* Description of the task:
Repeat the span of the entries below that starts at the line with "冷たいビールがさらに冷たく感" and ends at the line with "Avant de continuer, il", nothing more. Skip the pictures.
---+---
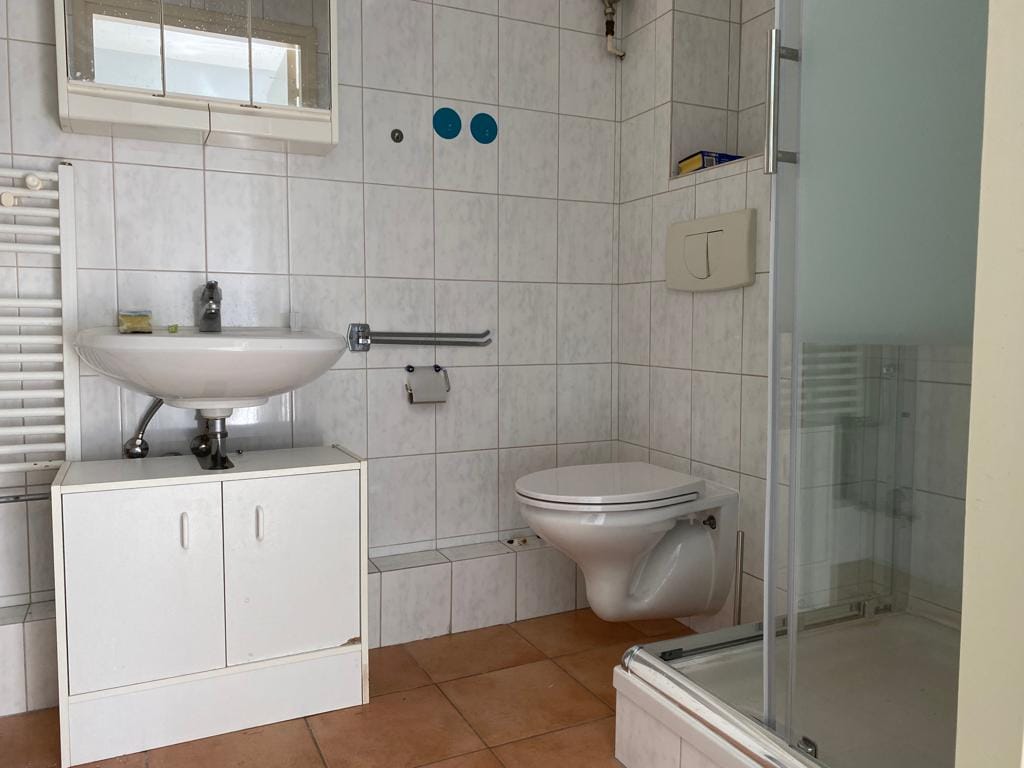 Vanuit de woonkamer is de slaapkamer (ca. m/ 1,6 m*1,55 m) bereikbaar met een aparte badkamer (ca.
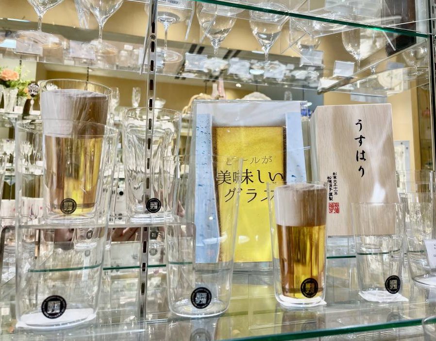 冷たいビールがさらに冷たく感じるこのグラス。もちろんビール以外にも!通年、超売れっ子です。
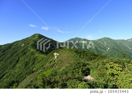 朝日連峰西朝日岳からの縦走路と以東岳遠望
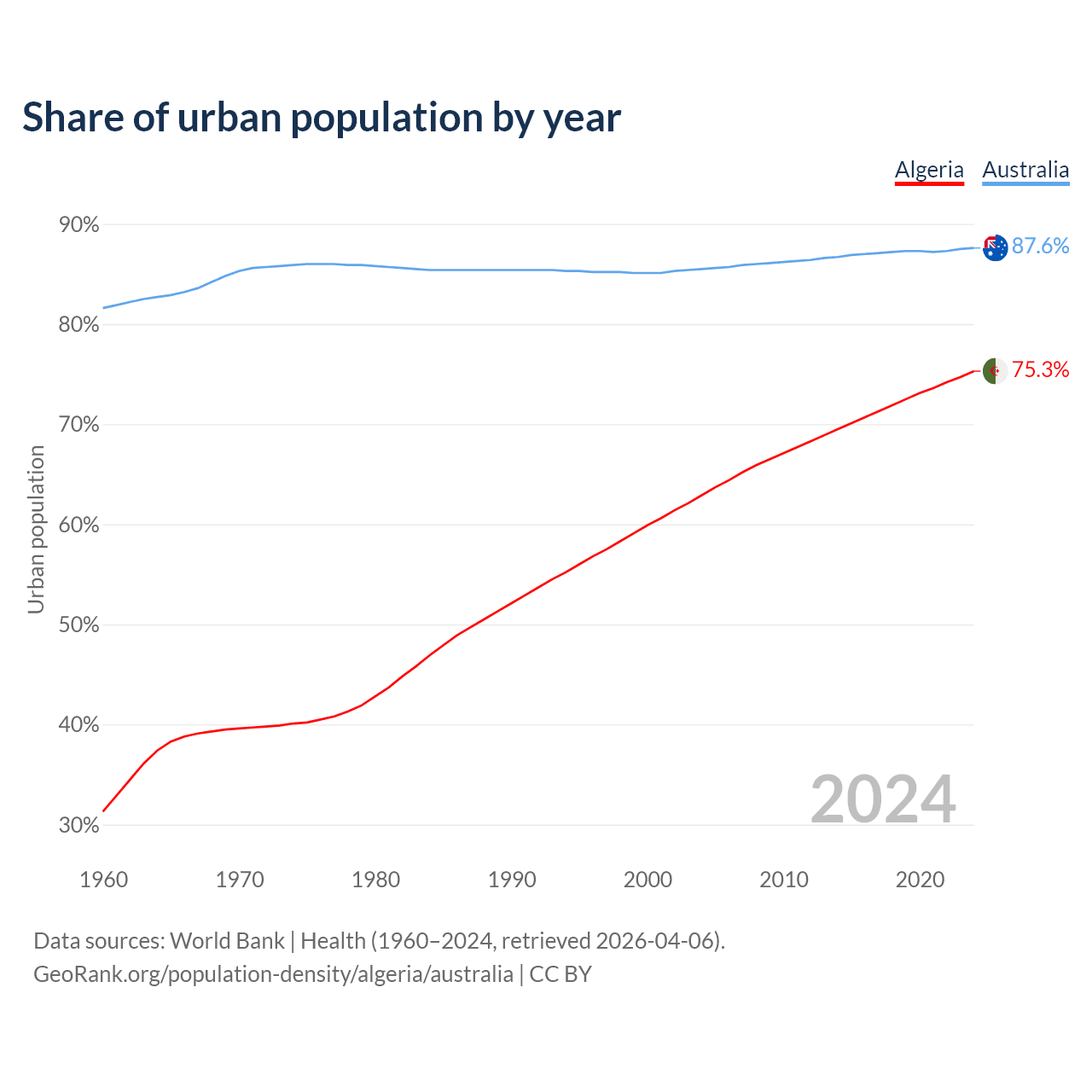 From 2004 to 2024, the share of urban population changed from 62.9% to 75.3% in Algeria and from 85.5% to 87.6% in Australia.
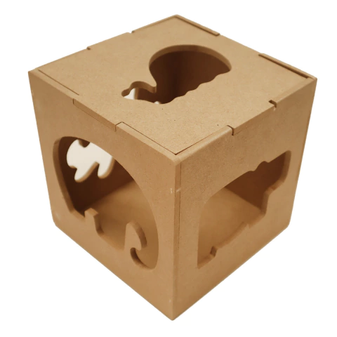 Cubo de Fibrofacil de 16 x 16 cm en 6 mm con animales calados
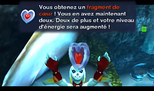 Avant de continuer, il y a moyen de récupérer deux Fragments de Cœur et un Flacon. Le premier des Fragments se situe tout droit, au fond du trou d'eau sous la cascade. Il faut tuer le Like Like pour qu'il vous le donne.
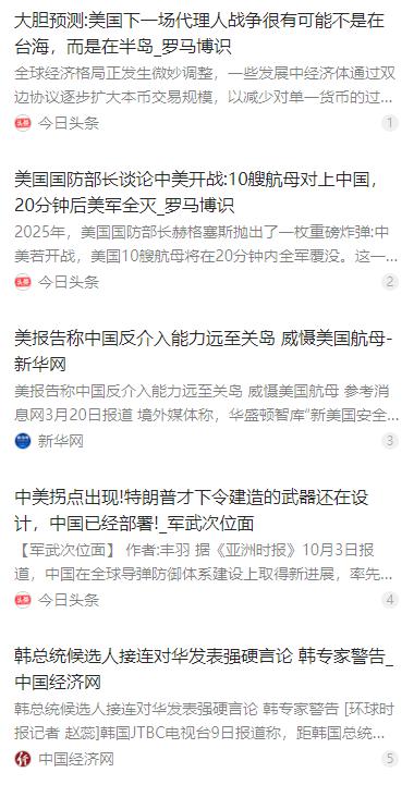 韩国军事专家:就算美国调动11艘航母,调派所有军队,都派往中国发动进攻,最后的结果也只有一个,那就是美国彻底失败!现在已经不是以前的时代了,美国只能通过韩国日本作为代理人,来间接进行战争!这番表态在国际舆论场引发热议,有人觉得这是夸大其词的言论,但深入梳理当前的军事格局和地缘态势就会发现,这番言论并非空穴来风。 麻烦看官老爷们右上角点击一下“关注”,既方便您进行讨论和分享,又能给您带来更多优质的内容,感谢您的支持! 21 世纪的国际军事竞争,早就脱离了单纯比拼航母数量、军队规模的老旧模式。现代战争拼的是体系对抗,反介入、区域拒止能力成为决定胜负的关键,而这正是中国的优势领域。 中国发展的反舰导弹与各类作战平台相结合,已形成超过 600 海里、远至关岛的反介入能力,美军航母在中国周边近海作战环境中,生存性和有效性正面临严峻挑战。 被称为 “航母杀手” 的东风 21D、东风 26 等反舰弹道导弹,再加上空射鹰击 12 导弹等装备,构成了多层次的反舰体系,让美军航母难以 “安然无恙” 地靠近中国周边海域。 美国国会下属的美中经济与安全审查委员会也曾发布报告,明确指出中国持续强化的反介入 / 区域拒止能力,正在有效吓阻或推迟美国对地区冲突的军事反应。 除了体系对抗的差距,现代战争更是工业体系与战争持续力的终极较量,这一点上中美两国的差距同样明显。 美国军工体系如今深陷政治博弈和预算纠葛,项目论证周期漫长,跨部门协调复杂,规模化生产和快速补充能力严重不足,往往是提出先进概念容易,落地量产却困难重重。 反观中国,不仅拥有全球最完整的工业体系,科研、军方与产业界的一体化程度还极高,能迅速将技术方案转化为实际装备并形成战斗力。 从造舰速度到导弹生产,中国军工的产能和效率已全面超越美国,在长期高强度冲突中,这种工业优势能转化为极强的战争韧性,保障装备和物资的持续供应。 韩国专家的判断,其实点破了一个关键现实:美国早已没有独立发动对中国这样大国正面战争的底气,只能通过盟友分担风险。 这背后,是中美力量对比发生的结构性变化。曾经美国在军事、科技等领域的绝对优势正在逐渐缩小,中国的综合国力和国防实力稳步提升,已具备与美国展开对等博弈的能力。 同时,这番言论也反映出部分东亚国家的清醒认知:在大国博弈的棋局中,成为冲突前线绝非好事,反而会面临巨大的安全风险。 近年来,美国主导的印太战略框架不断强化,盟友间的军事协作持续升级,日本 2025 财年国防支出已升至 8.7 万亿日元,重点投入远程打击装备和无人系统,从岛链防御向区域威慑转型。 日本的 F-35B 隐身机队已达 140 架,还采购了战斧巡航导弹,总射程超 2500 公里,再加上宙斯盾系统的支撑,能形成覆盖广泛的作战网络,其军工自给率也从上世纪的 30% 提升至 75%。 韩国则推进本土导弹项目,玄武 - 4、玄武 - 5 型地对地导弹相继部署,射程扩展至 800 公里以上,精度误差小于 10 米,同时整合美制爱国者系统,形成了多层拦截的防御网。 2025 年,日韩还签署联合军售协议,共享导弹技术,日本提供巡航导弹组件,韩国贡献固体燃料技术,从情报交换推进至联合研发,形成了互补的军事协作链条。 美国之所以选择借力日韩,本质上是在规避直接冲突的高风险。2025 年美国智库的模拟评估显示,若在台海地区与中国发生直接冲突,美军可能损失 20 艘以上主力舰艇,补给线拉长数千海里,损失率高达 30%。 而借助半岛的地缘优势,通过日韩展开代理人行动,能将干预成本降低约 40%,损失率控制在 15% 左右,这种低风险、可控的模式,自然成为美国的优先选择。 但即便是代理人模式,美国也未必能如愿。韩国专家的言论,其实也暗含着对自身处境的担忧 —— 一旦成为大国博弈的棋子,东亚国家随时可能被卷入冲突的漩涡。 中国始终坚持和平发展,不愿与任何国家发生军事冲突,但这并不意味着中国会放弃核心利益。完善国防力量,正是为了遏制战争、守护和平。 如今的国际格局,早已不是某一个国家可以独断专行的时代。中美作为世界大国,合则两利、斗则俱伤,通过对话协商化解分歧,才是符合全人类利益的正确选择。 美国若执意抱着冷战思维,试图通过代理人战争遏制中国发展,最终不仅难以达到目的,还可能让其盟友陷入险境,自身也会付出沉重代价。 韩国专家的言论,与其说是对军事力量的预判,不如说是对时代趋势的提醒:霸权主义早已行不通,顺应多极化潮流、尊重各国核心利益,才是避免冲突、实现共赢的正道。
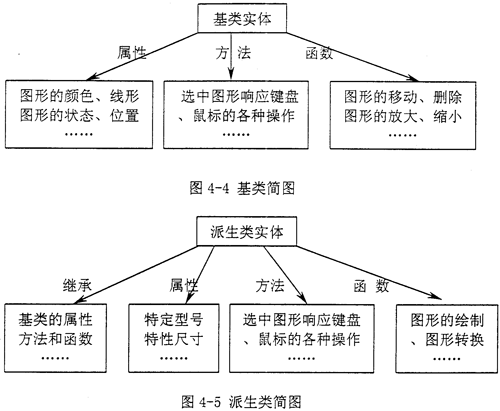 對于以上的問題,第一,要對行業(yè)的需求十分清晰,能夠?qū)π袠I(yè)中涉及到的工程實體進行歸納,要具有“面向?qū)ο蟆钡木幊趟季S;第二,基類涉及的屬性方法和函數(shù)基本上與實體圖形的操作有密切關(guān)系(如圖4-4所示);派生類主要涉及到工程實體的特征屬性、特征方法和特征函數(shù)(如圖4-5示),完整地定義其基類和派生類是“面向?qū)ο蟮腃AD集成開發(fā)系統(tǒng)”中的核心部分;第三,要充分的利用AutoCAD已提供的資源,主要就是要利用AutoCAD系統(tǒng)中的*,dwg文件的圖形文件數(shù)據(jù)庫中的資源,熟悉各種AutoCAD中實體(例如點、直線、圓弧等)的DXF碼規(guī)則,并從中提取相關(guān)特征信息;第四,由于在AutoCAD中的.dwg文件中,存儲的是一些簡單的幾何的點、直線、圓、弧等信息,故還需要另一個文件去記錄整個圖紙的工程實體圖形的邏輯關(guān)系(下一節(jié)詳細介紹),隨同*.dwg文件的打開而打開,標(biāo)識*.dwg文件圖形中的實體圖形邏輯關(guān)系,隨同*.dwg文件的關(guān)閉而記錄*.dwg文件中的實體圖形邏輯關(guān)系。
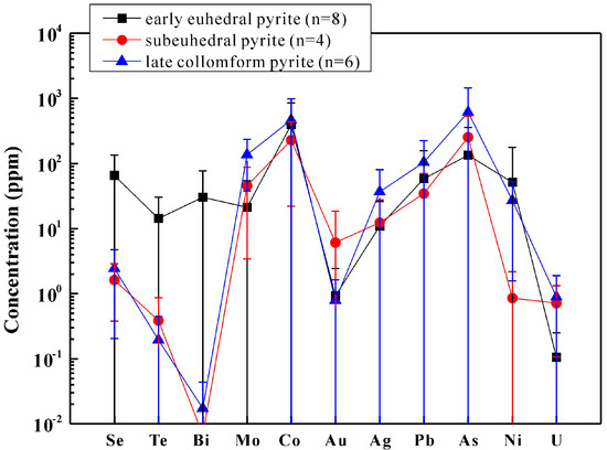 A total of nineteen spot analyses was completed on pyrites selected from different samples of the Kairei vent field, including eight euhedral pyrites (py-I), five subhedral pyrites (py-II), and six colloform pyrites (py-III). Pyrite is generally enriched in Mo, As, Tl, Mn, and U compared to the other investigated sulfide minerals (Figure 4, Table 2). Pyrite with different textures showed distinct variations in the trace element contents (Figure 5 and Figure 6, Table 2). Compared to the other textural types, euhedral py-I tended to have higher contents of Se (up to 168 ppm; average: 65.3 ppm), Ni (up to 363 ppm; average: 51.4 ppm), Bi (up to 123 ppm; average: 30.4 ppm), and Te (up to 46.0 ppm; average: 14.3 ppm), when compared to py-II and py-III. Colloform py-III had distinctly higher concentrations of Mo (46–307 ppm; average:136 ppm), Pb (14–295 ppm; average: 105 ppm), and U (up to 2.73 ppm; average: 0.90 ppm) but was poor in Se, Te, Bi, and Au. Subhedral py-II was poor in most trace elements, but one single spot showed abnormally high Au concentrations (28.4 ppm; Table S2). However, enrichments of As (up to 2041 ppm) and Co (up to 1453 ppm) were common in all generations of pyrites. Py-I contained 395 ppm Co and 135 ppm As, on average; py-II had average As and Co concentrations of 254 ppm and 230 ppm, respectively; while py-III was characterized by concentrations of 614 ppm As and 466 ppm Co, on average.
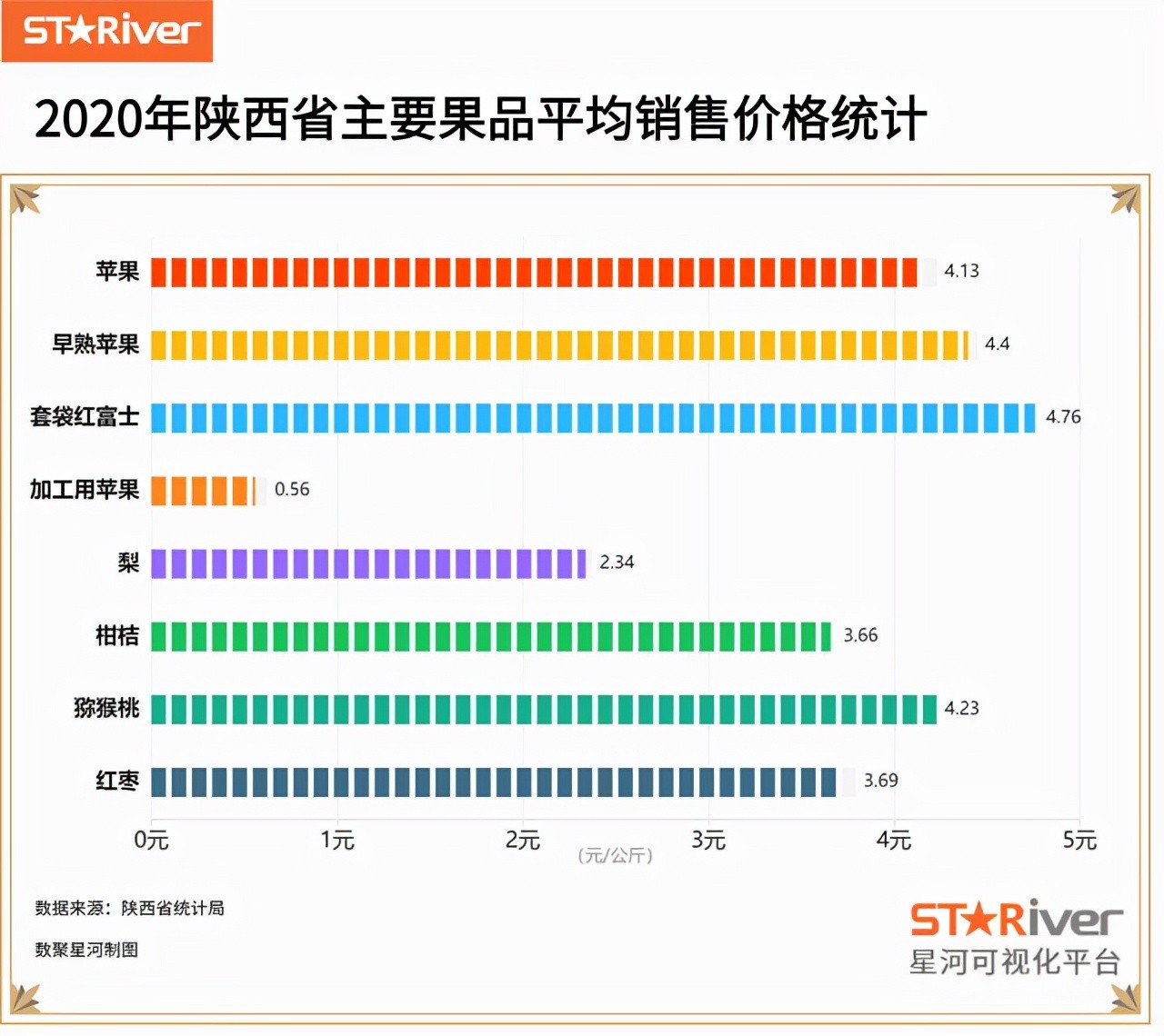 2020年陕西省苹果平均销售价格为4.13元/公斤;早熟苹果平均销售价格为4.4元/公斤;套袋红富士平均销售价格为4.76元/公斤;加工用苹果平均销售价格为0.56元/公斤;梨平均销售价格为2.34元/公斤;柑桔平均销售价格为3.66元/公斤;猕猴桃平均销售价格为4.23元/公斤;红枣平均销售价格为3.69元/公斤。
---+---
* Task solution:
 冷たいビールがさらに冷たく感じるこのグラス。もちろんビール以外にも!通年、超売れっ子です。
 朝日連峰西朝日岳からの縦走路と以東岳遠望
 From 2004 to 2024, the share of urban population changed from 62.9% to 75.3% in Algeria and from 85.5% to 87.6% in Australia.
 Cubo de Fibrofacil de 16 x 16 cm en 6 mm con animales calados
 Avant de continuer, il y a moyen de récupérer deux Fragments de Cœur et un Flacon. Le premier des Fragments se situe tout droit, au fond du trou d'eau sous la cascade. Il faut tuer le Like Like pour qu'il vous le donne.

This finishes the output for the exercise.